━━ Data extracts

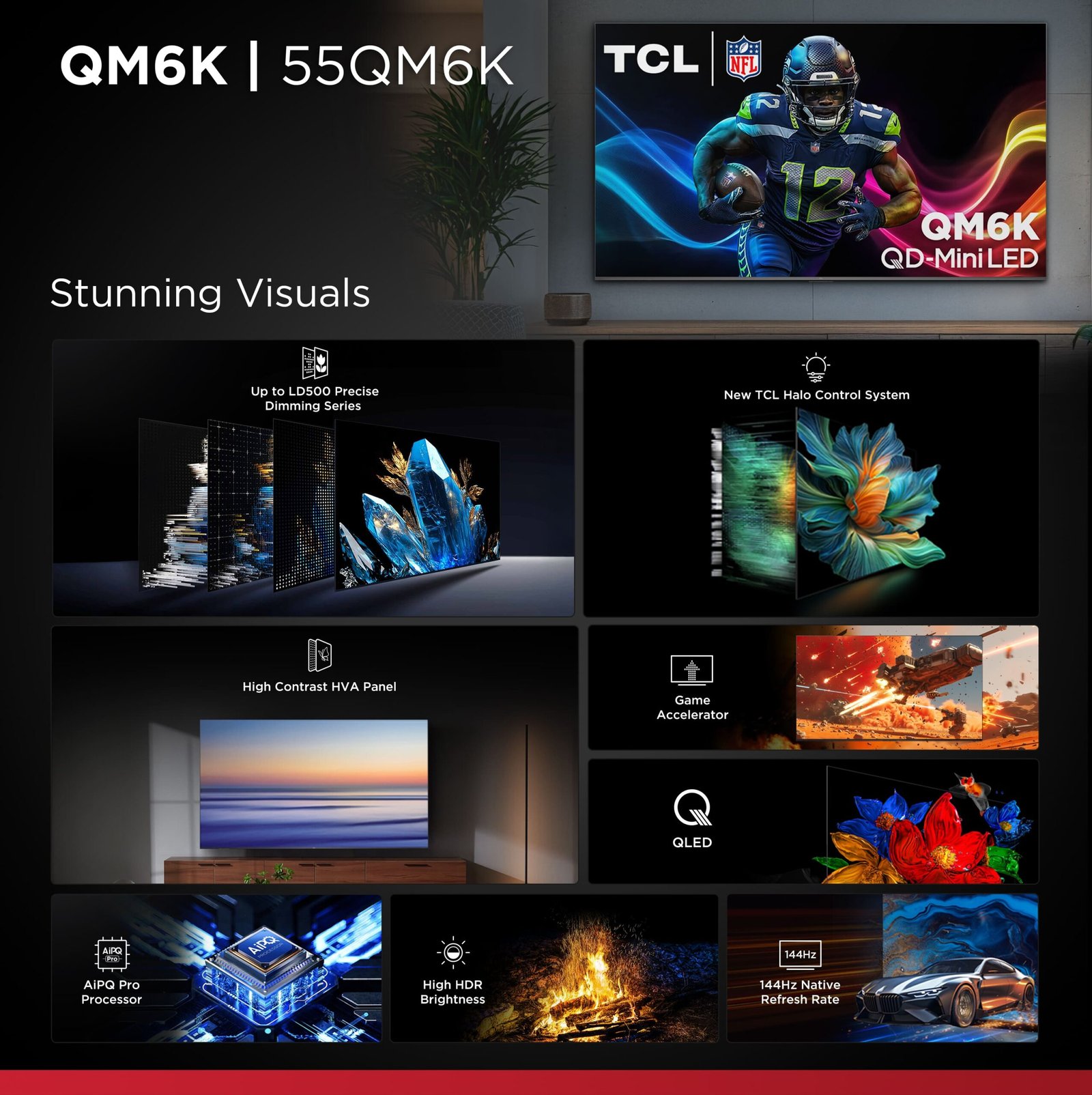 TCL – 55″ QM6K Series 4K UHD HDR QD Mini LED Smart TV with Google TV (2025)
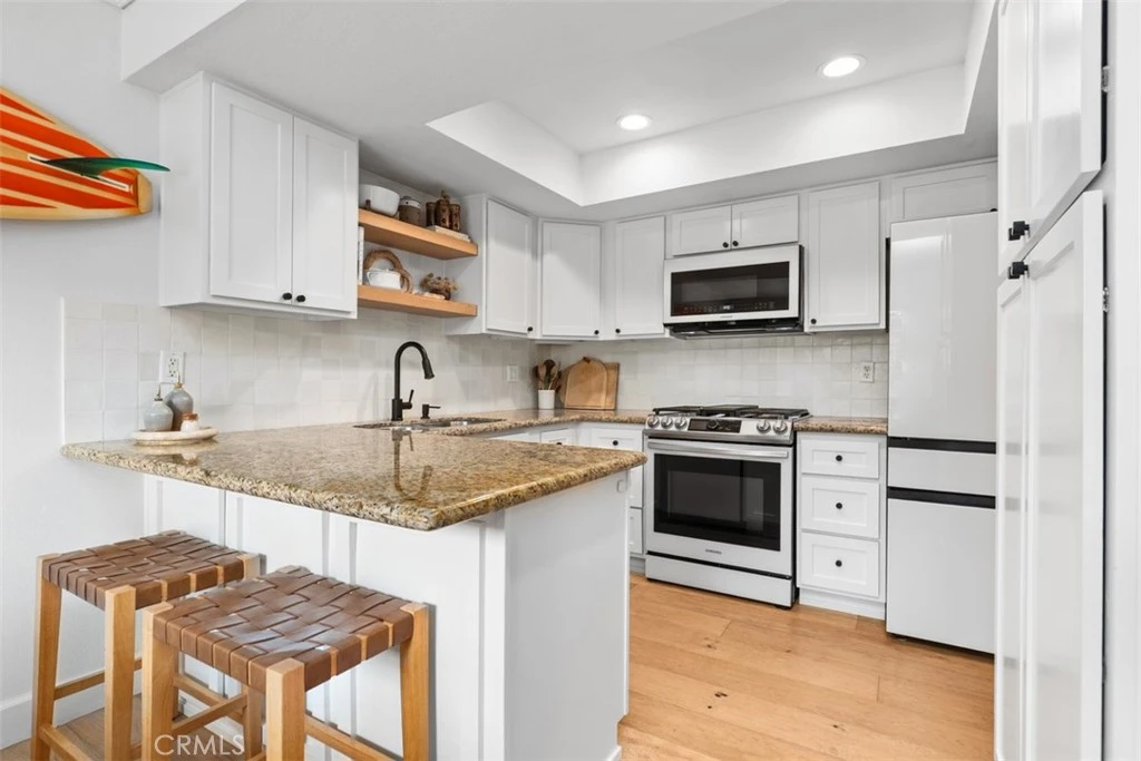 214 Via Robina #5 presents a stylishly renovated condo in the hills of San Clemente with inviting indoor spaces and relaxing views from the upgraded floating floor deck. Two bedrooms, two bathrooms and one car garage located on large cul-de-sac. The showpiece kitchen features modern Shaker cabinetry with CB2 matte black hardware, a handmade Zellige Moroccan tile backsplash with tight grout lines for sheer beauty, and granite countertops with a deep double sink. A suite of Samsung Bespoke matte black appliances, accented with white glass fronts, includes a five-burner gas range with oven, coordinating refrigerator, microwave and dishwasher. A raised ceiling with recessed lighting and an adjacent built-in banquette with custom cushions create a warm, functional dining space ideal for gatherings of up to 10–12. Both bathrooms have been elevated with designer mirrors, the primary featuring timeless marble flooring and the hall bathroom showcasing large-format porcelain floors and custom shelving. Throughout the home, brushed European oak engineered wood floors, finished with polyurethane for durability and beauty, add richness. Additional details include 4-inch crown molding, six-panel doors, and textured cut-pile carpet in the bedrooms. Each bedroom also offers a matte black ceiling fan for style and comfort. Other highlights include a central heater (installed 2016), dual-pane windows, custom built-in Shaker-style entertainment cabinetry in the living room, and a full-size stacked washer/dryer. For leasure enjoy the HOA common area garden for residents and common area patio with coastal and ocean views! This thoughtfully upgraded residence combines craftsmanship, comfort, and design — all within minutes of San Clemente’s beaches, shops, and restaurants.
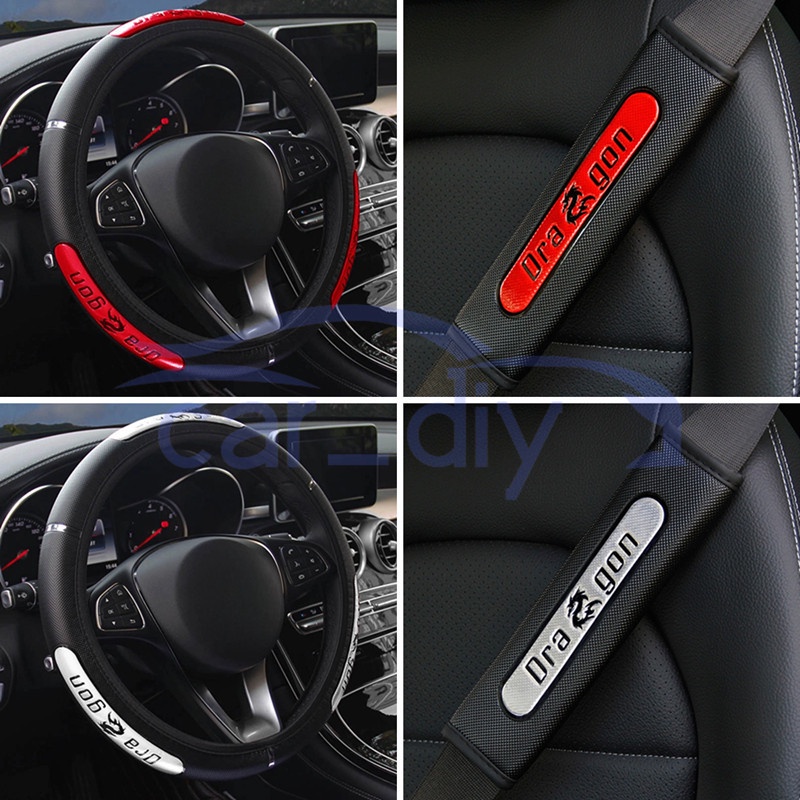 Capa Protetora Do Volante Carro Para 38cm/15 Polegadas E Cinto De Segurança Refletiva Ombro Dragão Acessórios Automotivos Decorações
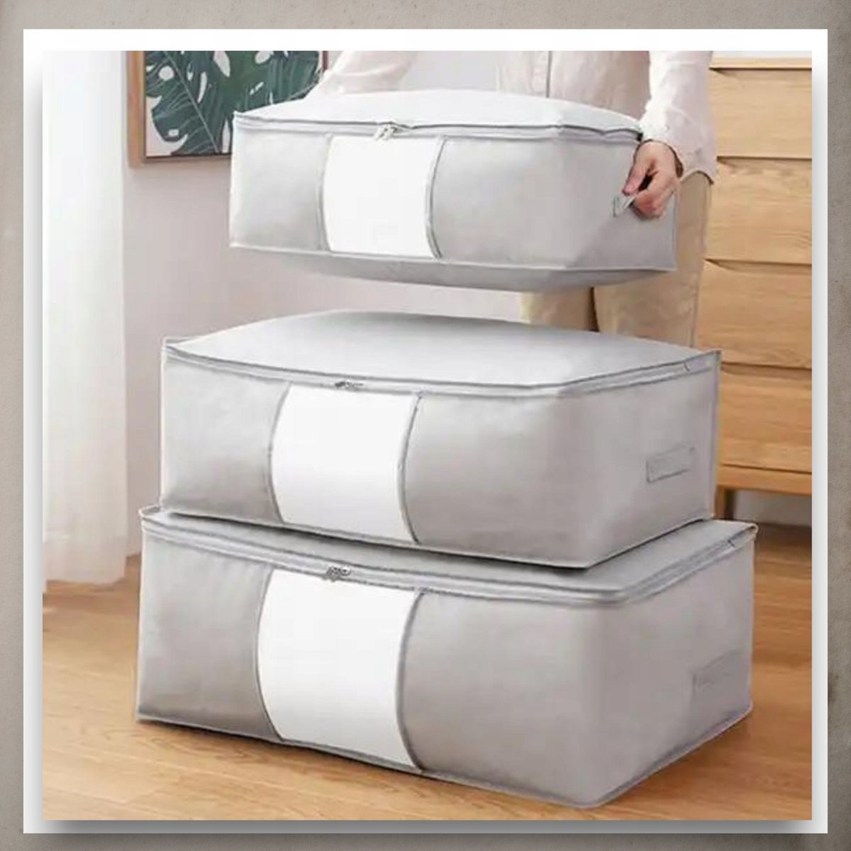 ❇️Masz dość nieustannego chaosu wokół swoich rzeczy? Nasz organizer to nie tylko praktyczne, ale i stylowe rozwiązanie, które nada Twojemu wnętrzu harmonii i elegancji. Planuj, organizuj i zyskaj nowe możliwości dla swojego domu dzięki lepszej organizacji z naszym organizerem. Możesz go przechowywać niemal wszędzie bez zajmowania cennej przestrzeni. Uporządkuj z nami ręczniki, ubrania sezonowe, ubranka dla dziecka, koce, ulubione zabawki i maskotki, duże poduszki, kołdry, wszystkie bardzo duże gabaryty i wszystko, co chcesz schować na chwilę... lub na później.
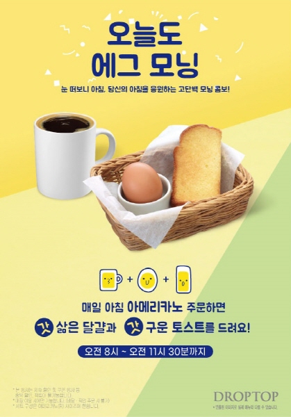 카페 드롭탑의 ‘모닝서비스’는 18일부터 전국 오프라인 매장(일부 매장 제외)에서 아메리카노 R(레귤러) 사이즈를 주문하는 고객에게 갓 구운 토스트와 갓 삶은 달걀을 무료로 제공한다.
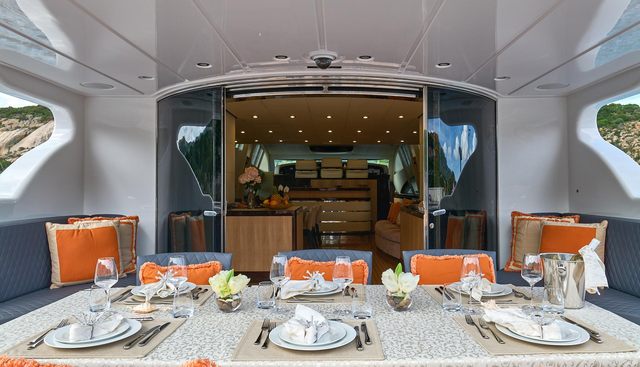 She accommodates up to 11 guests across five cabins, with four crew. Charter regions include Corsica, Sardinia, and the Italian coast. The combination of high speed and concentrated guest capacity makes ANNELISE I well suited to groups who want to cover significant coastal ground quickly — hopping between ports, anchorages, and islands over a short charter period. Those seeking large formal social decks, expansive beach clubs, or a large crew service complement should look to longer displacement vessels.
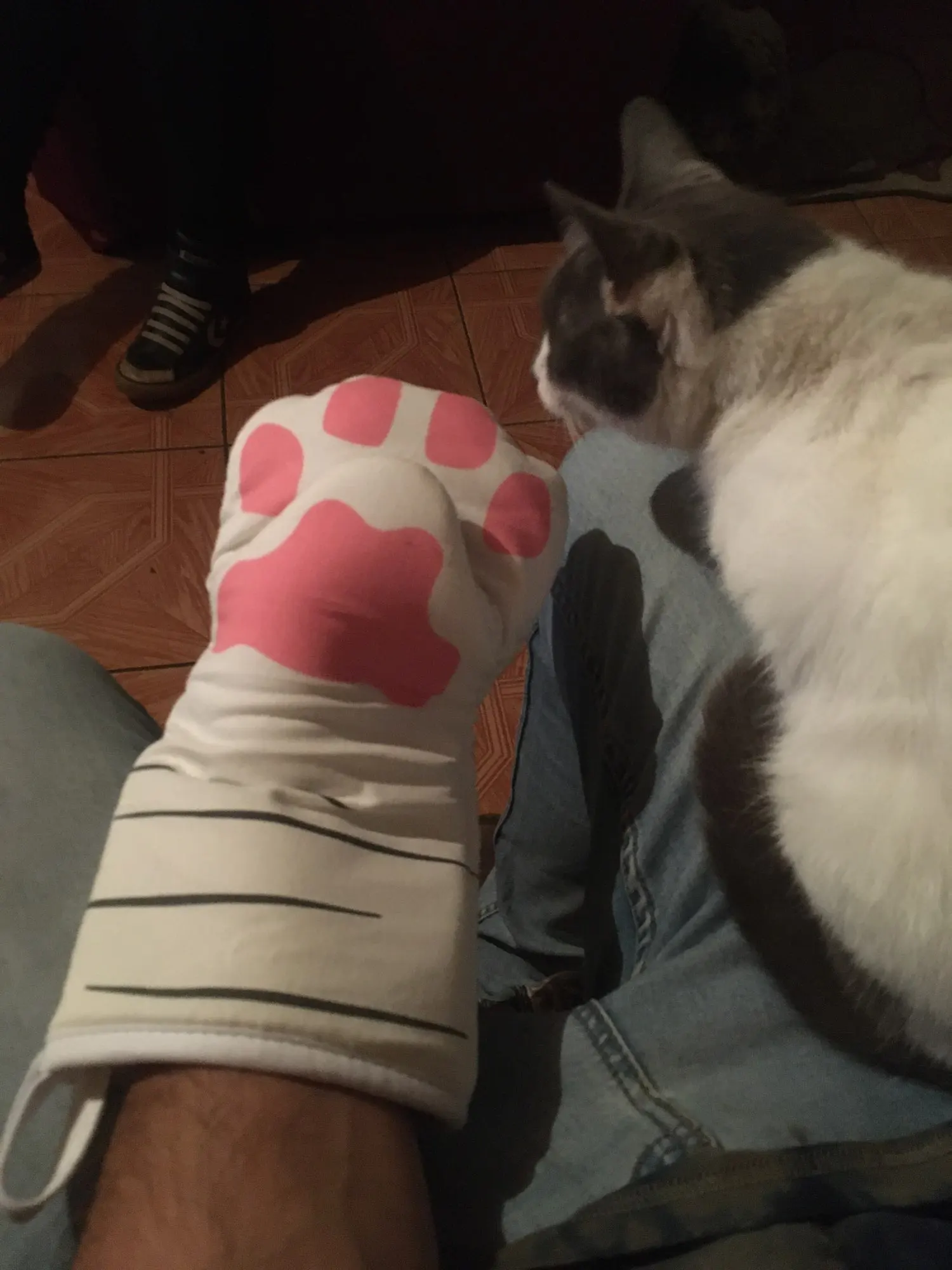 Перчатки такие же, как и у меня, но они застряли на моем пятке, потому что они прислали мне только одну. Жаль.
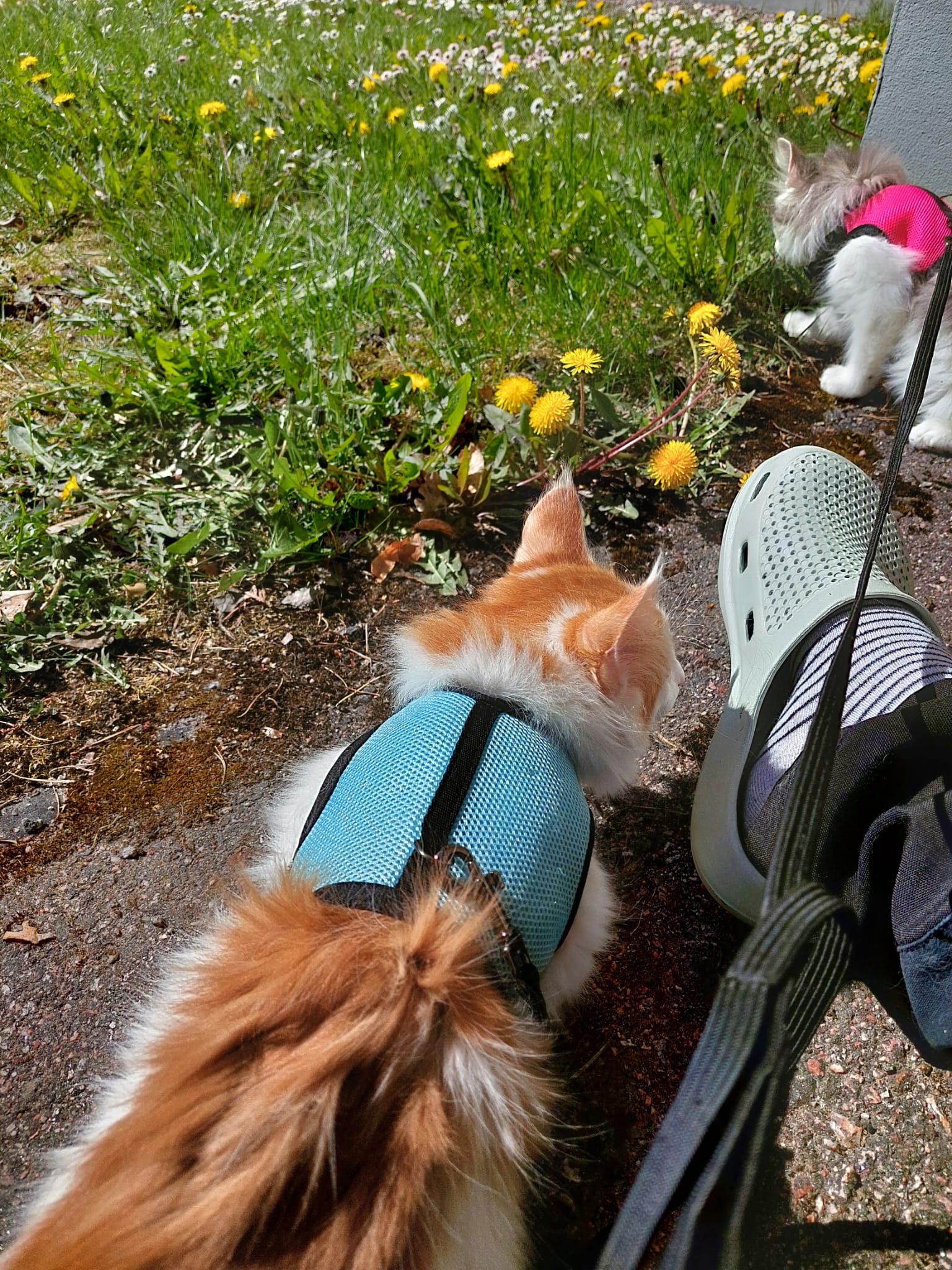 13.5.2022 Pennut pääsivät ulkoilemaan! Reippaimpia valjaissa olivat Kasper ja Sini, mikä ei sinänsä tullut yllätyksenä.
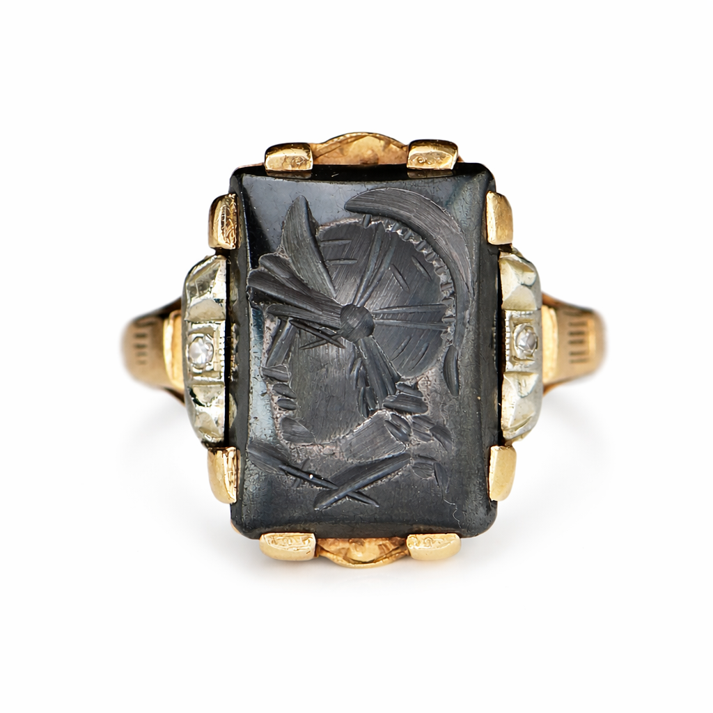 Gorgeous vintage hematite intaglio ring in 10k yellow gold with diamond accents. Said to have protective qualities, hematite is a favorite here at The Manor! Carved with a Roman centurion. In good condition - sone thinning to the shank. Circa 1950.
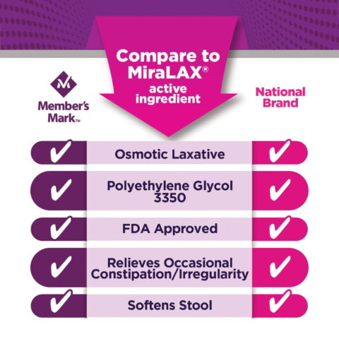 Member’s Mark ClearLAX Polyethylene Glycol 3350 Powder for Solution, Osmotic Laxative, gets your sluggish digestive system moving again by relieving occasional constipation (irregularity).

━━━━

**Directions for this task:** The lines from the one containing "Перчатки такие же, как" to the final line of the material, both ends included, should be retyped exactly and alone, with no pictures.

**Written response:**
 Перчатки такие же, как и у меня, но они застряли на моем пятке, потому что они прислали мне только одну. Жаль.
 13.5.2022 Pennut pääsivät ulkoilemaan! Reippaimpia valjaissa olivat Kasper ja Sini, mikä ei sinänsä tullut yllätyksenä.
 Gorgeous vintage hematite intaglio ring in 10k yellow gold with diamond accents. Said to have protective qualities, hematite is a favorite here at The Manor! Carved with a Roman centurion. In good condition - sone thinning to the shank. Circa 1950.
 Member’s Mark ClearLAX Polyethylene Glycol 3350 Powder for Solution, Osmotic Laxative, gets your sluggish digestive system moving again by relieving occasional constipation (irregularity).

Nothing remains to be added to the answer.